▸ WHAT TO DO
Restate the data word for word and leave the images out.

▸ DATA SEGMENT
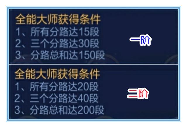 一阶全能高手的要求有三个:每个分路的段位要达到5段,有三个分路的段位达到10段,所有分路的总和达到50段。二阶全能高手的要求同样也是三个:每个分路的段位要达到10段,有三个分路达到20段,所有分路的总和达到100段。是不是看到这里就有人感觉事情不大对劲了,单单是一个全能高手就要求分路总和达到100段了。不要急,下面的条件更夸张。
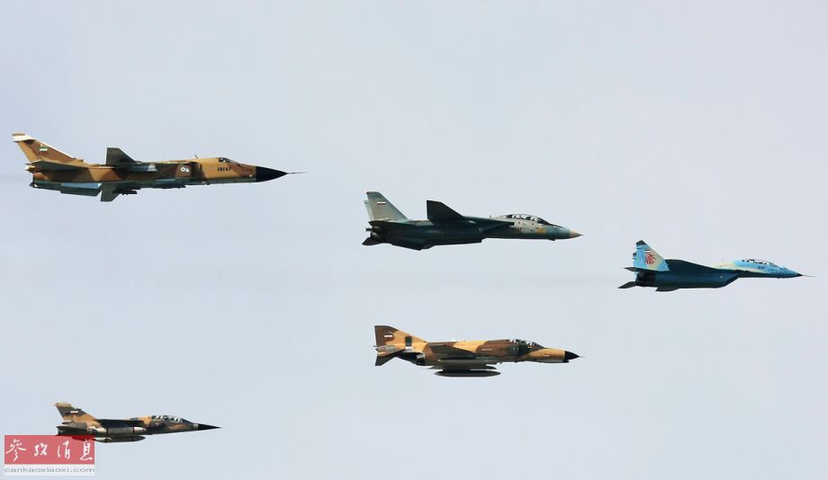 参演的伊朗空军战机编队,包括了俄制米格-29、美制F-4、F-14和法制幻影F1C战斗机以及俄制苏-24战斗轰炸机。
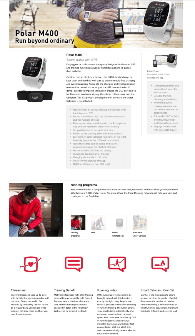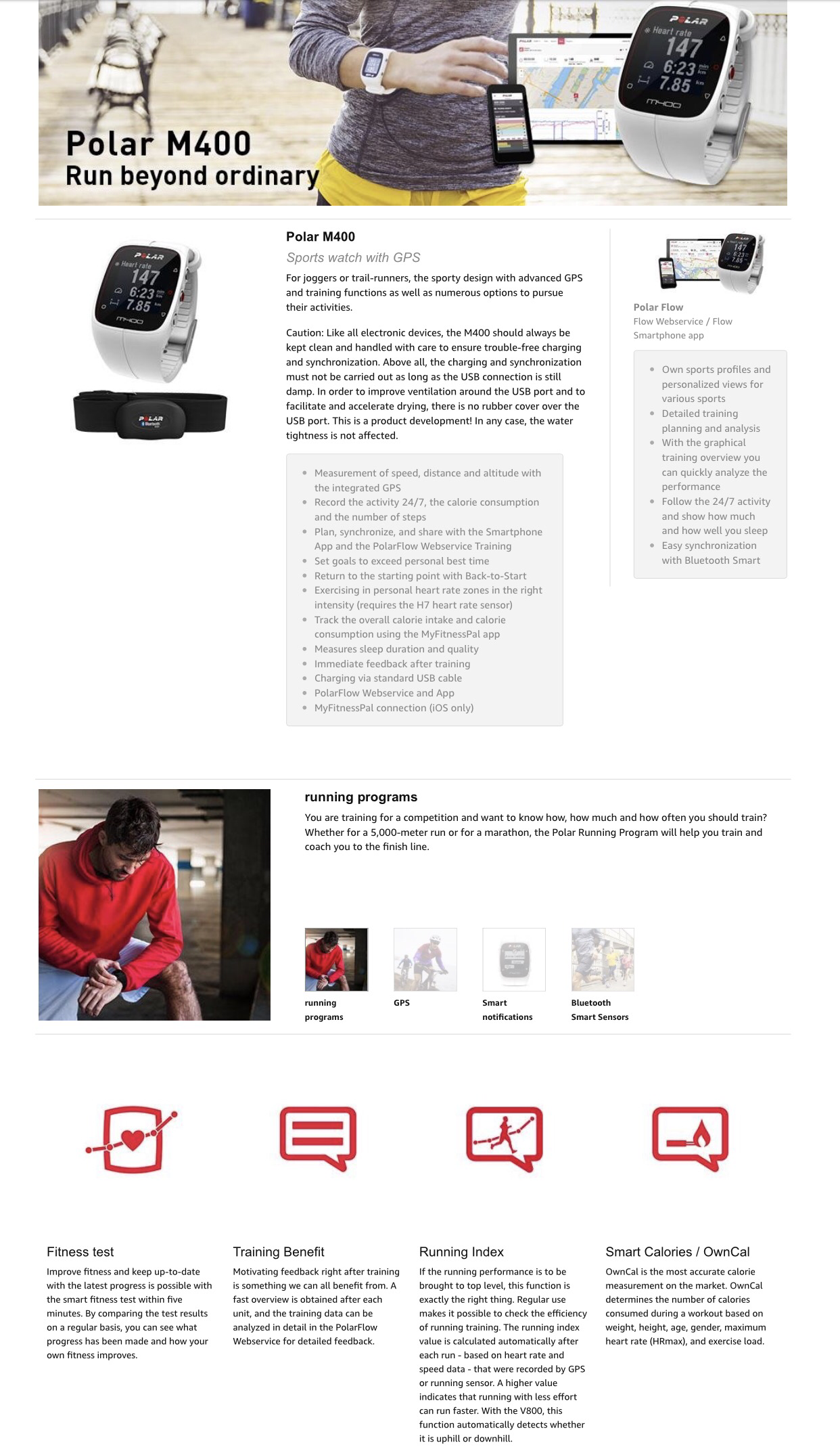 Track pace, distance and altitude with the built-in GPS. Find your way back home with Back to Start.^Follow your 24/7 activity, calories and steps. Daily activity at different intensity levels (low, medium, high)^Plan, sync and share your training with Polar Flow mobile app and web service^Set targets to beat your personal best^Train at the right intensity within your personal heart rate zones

▸ EXERCISE RESULT
 一阶全能高手的要求有三个:每个分路的段位要达到5段,有三个分路的段位达到10段,所有分路的总和达到50段。二阶全能高手的要求同样也是三个:每个分路的段位要达到10段,有三个分路达到20段,所有分路的总和达到100段。是不是看到这里就有人感觉事情不大对劲了,单单是一个全能高手就要求分路总和达到100段了。不要急,下面的条件更夸张。
 参演的伊朗空军战机编队,包括了俄制米格-29、美制F-4、F-14和法制幻影F1C战斗机以及俄制苏-24战斗轰炸机。
 Track pace, distance and altitude with the built-in GPS. Find your way back home with Back to Start.^Follow your 24/7 activity, calories and steps. Daily activity at different intensity levels (low, medium, high)^Plan, sync and share your training with Polar Flow mobile app and web service^Set targets to beat your personal best^Train at the right intensity within your personal heart rate zones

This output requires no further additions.